Months from original diagnosis til cytogenetic analysis at our institution.

Bone marrow fibrosis grade is based on European Consensus[17] in 2 patients and rest were graded with 4 grading system(1+–4+).

Pt = Patient; Dx = Diganosis; WBC = White Blood Cell count; Hb = Hemoglobin; Plt = Platelet; BM BL = Bone Marrow Blast; JAK2 = JAK2 V617F mutation; MPL = MPL 515 mutation; SCT = Stem Cell Transplant; Trans = Transformation to AML; M = Male; F = Female; PMF = Primary Myelofibrosis; ET = Essential Thrombocytosis; PV = Polycythemia Vera; NA = Not Applicable; UK = Unknown

DISCUSSION

Chromosome 5q deletion is extremely rare in patients with MF; only 0.8% of patients were found to carry the abnormality.
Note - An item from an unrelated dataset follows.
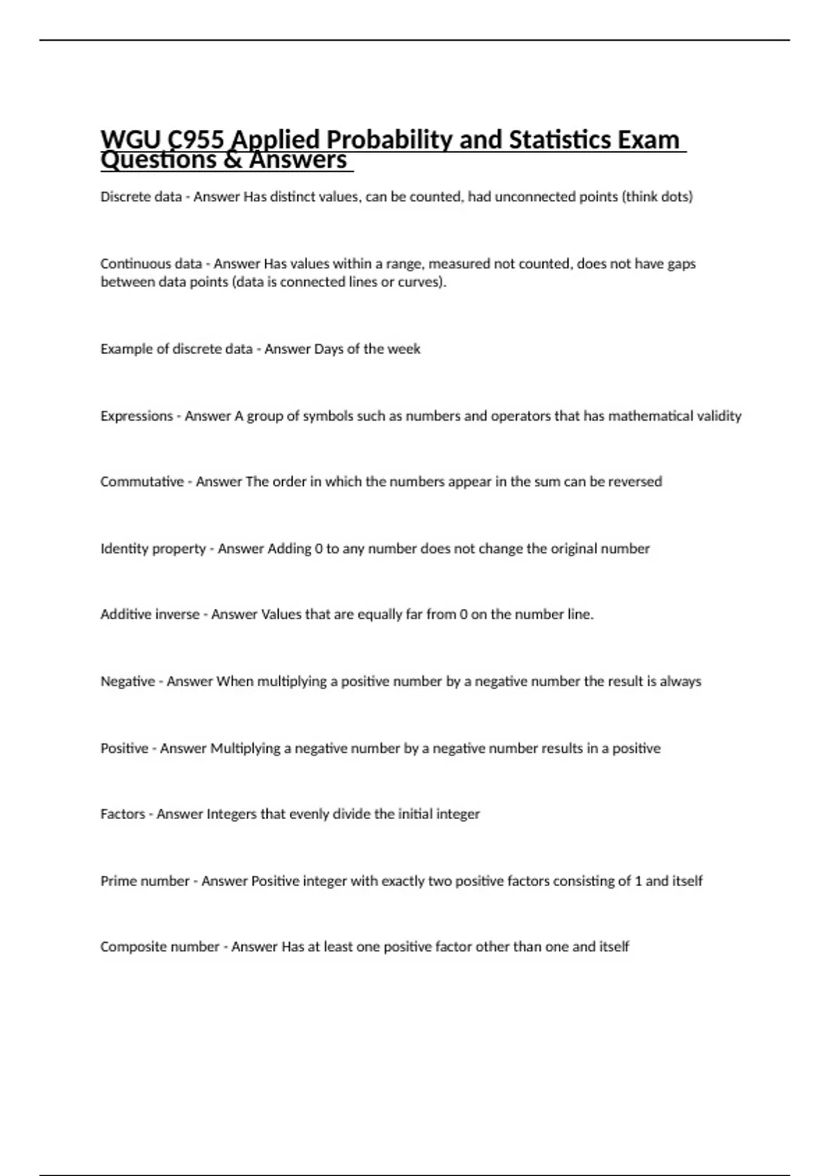 Discrete data - Answer Has distinct values, can be counted, had unconnected points (think dots) Continuous data - Answer Has values within a range, measured not counted, does not have gaps between data points (data is connected lines or curves). Example of discrete data - Answer Days of the week Expressions - Answer A group of symbols such as numbers and operators that has mathematical validity Commutative - Answer The order in which the numbers appear in the sum can be reversed Identity property - Answer Adding 0 to any number does not change the original number Additive inverse - Answer Values that are equally far from 0 on the number line. Negative - Answer When multiplying a positive number by a negative number the result is always Positive - Answer Multiplying a negative number by a negative number results in a positive Factors - Answer Integers that evenly divide the initial integer Prime number - Answer Positive integer with exactly two positive factors consisting of 1 and itself Composite number - Answer Has at least one positive factor other than one and itself Factorization - Answer Process of breaking up a composite number into its prime factors fundamental theorem of arithmetic - Answer Any integer greater than one is either Prime or the product of Prime numbers Principal square root - Answer Positive square root of a number Radican - Answer Number under radical sign √16=4 Open Circle - Answer Represents less than or greatest than on the number line Perfect square - Answer Product of any integer with itself yields a perfect square. Whole numbers - Answer positive numbers with a whole value Integers - Answer Numbers with no fractions or decimal value but can be positive or negative Rational numbers - Answer Numbers that can be expressed as a fraction or decimal values that have that end or repeat forever. Includes all integers since all integers can be expressed as fractions. Real numbers - Answer Everything that can be included in a number line including pi. Fractions - Answer Express numbers which are part of a whole Numerator - Answer Number written before the slash or above the fraction bar Proper fraction - Answer Numerator is less than denominator and the value of the fraction is less than one Improper fraction - Answer Numerator is greater than denominator and therefore is greater than one except with negative fractions Mixed numbers - Answer A whole number and proper fraction. A negative sign in front applies to both parts of the mixed number. Multiples - Answer Integers created by multiplying one number times another number Fractions - Answer Express numbers which are part of a whole Numerator - Answer Number written before the slash or above the fraction bar Proper fraction - Answer Numerator is less than denominator and the value of the fraction is less than one Improper fraction - Answer Numerator is greater than denominator and therefore is greater than one except with negative fractions Mixed numbers - Answer A whole number and proper fraction. A negative sign in front applies to both parts of the mixed number. Multiples - Answer Integers created by multiplying one number times another number Reciprocal - Answer The number which of multiplied by divisor gives you one (like the fraction flipped over) Terminal decimal - Answer Has digits that end Ratio - Answer Comparison of two numbers Rate - Answer A ratio that compares two quantities having different units of measure Proportion - Answer True statement in which two ratios are equal to each other. Two days are proportional of they are equivalent. Conditional proportion - Answer One part of a proportion is a variable or unknown quantity Celsius to Fahrenheit - Answer Celsius x 9/5 + 32 Fahrenheit to Celsius - Answer (Fahrenheit - 32) x 5/9 Constant - Answer Number with a fixed value. All real numbers are constants Elementary operations - Answer Addition, subtraction, multiplication, division Base - Answer The number an exponent is written next to Variable - Answer Symbol that represents our holds the place of a numerical value Coefficient - Answer A number by which a variable is being multiplied. Coefficients are written in front of variables. 16x, 16 is coefficient. If there is no number you assume an invisible1. Term - Answer Can be a single constant, a single, or a number of constants and variables multiplied together. Algebraic expression - Answer String of terms connected by division, addition, and subtraction. How to write an algebraic expression - Answer Constants at end. Write terms with the largest exponents first. Always write in descending order of exponent value with constants at the end. Inverse operation - Answer Operations that undo each other. Subtraction is inverse of addition. Division is inverse of multiplication. Like terms - Answer Have the same variable with the same exponent Degree of an expression - Answer Refers to largest exponent in an expression Linear - Answer Has degree of 1 Quadratic - Answer Has degree of 2 Cubic - Answer Has degree of 3 Constant - Answer Has degree of 0 Distributive property - Answer Principle used to multiply a single term by multiple terms. If there are parenthesis around multiple terms which are in turn multiplied by a single term, we can use this property.

We did not find a single patient, among close to a thousand, with sole abnormality in 5q deletion. Only one patient (patient 4) had a clone with 5q deletion, but with a presence of another clone in the sample, with different cytogenetic abnormality. Seven additional patients had 5q deletion associated with a complex changes. Since our 8 patients with 5q deletion had advance disease features, such as anemia, thrombocytopenia, transfusion dependency and constitutional symptoms, their median overall survival of about 4 years was as expected. This is consistent with reported survival estimate by DIPSS-plus risk assessment tool for patient with MF.[5] Statistically significant difference was not observed in overall survival between patients with 5q deletion and non-5q deleted patients, likely due to very large 95% confidence interval of median survival in 5q deletion group (0–149).

Retrospective case review of 5q deletion-associated MPN was reported by Santana-Davila et al. from Mayo Clinic.[21, 22] According to the report, 23 cases of 5q deletion-associated MPN (of which 14 [61%] were PMF and 1 [4%] was post-ET MF), were significantly more anemic and thrombocytopenic, while survival was not different from non-5q deletion counterpart. Among 14 patients with PMF having 5q deletion, only two patients were found to carry 5q deletion as a sole abnormality. However, median survival of our patients with 5q deletion-associated MF were shorter than that reported by Mayo Clinic (46 vs. 143 months), but in accordance to patients’ DIPSS-plus risk score. Both ours and the Mayo clinic’s report are very small in patient numbers and the discrepancy in survival could be from sample variance.

Classically, cytogenetic abnormality was not incorporated into prognostic model of PMF due to difficulty in obtaining good sample for cytogenetic analysis, so the information has not been readily available. However, reports from ours and other groups have uncovered the prognostic impact of certain cytogenetic abnormalities in PMF,[4, 2326] which ultimately led to a recent refinement of DIPSS to DIPSS-plus that incorporated cytogenetic abnormality as a scoring factor.[5] Chromosome 5q deletion or complex cytogenetic abnormalities are considered to be poor prognosis in DIPSS-plus. However, it is still uncertain whether deletion 5q per se portends poor prognosis in MF patients. As manifested in current study, deletion 5q is extremely rare in MF patients. Thereby, previous studies that investigated prognostic impact of cytogenetic result in MF have evaluated deletion 5q/-5 together with other abnormalities such as deletion 7q/-7, making it difficult to evaluate exact prognostic value of deletion 5q by itself.[4, 23, 24, 26] It is very likely that poor prognosis in our cohort was mainly driven by complex cytogenetics rather than deletion 5q itself.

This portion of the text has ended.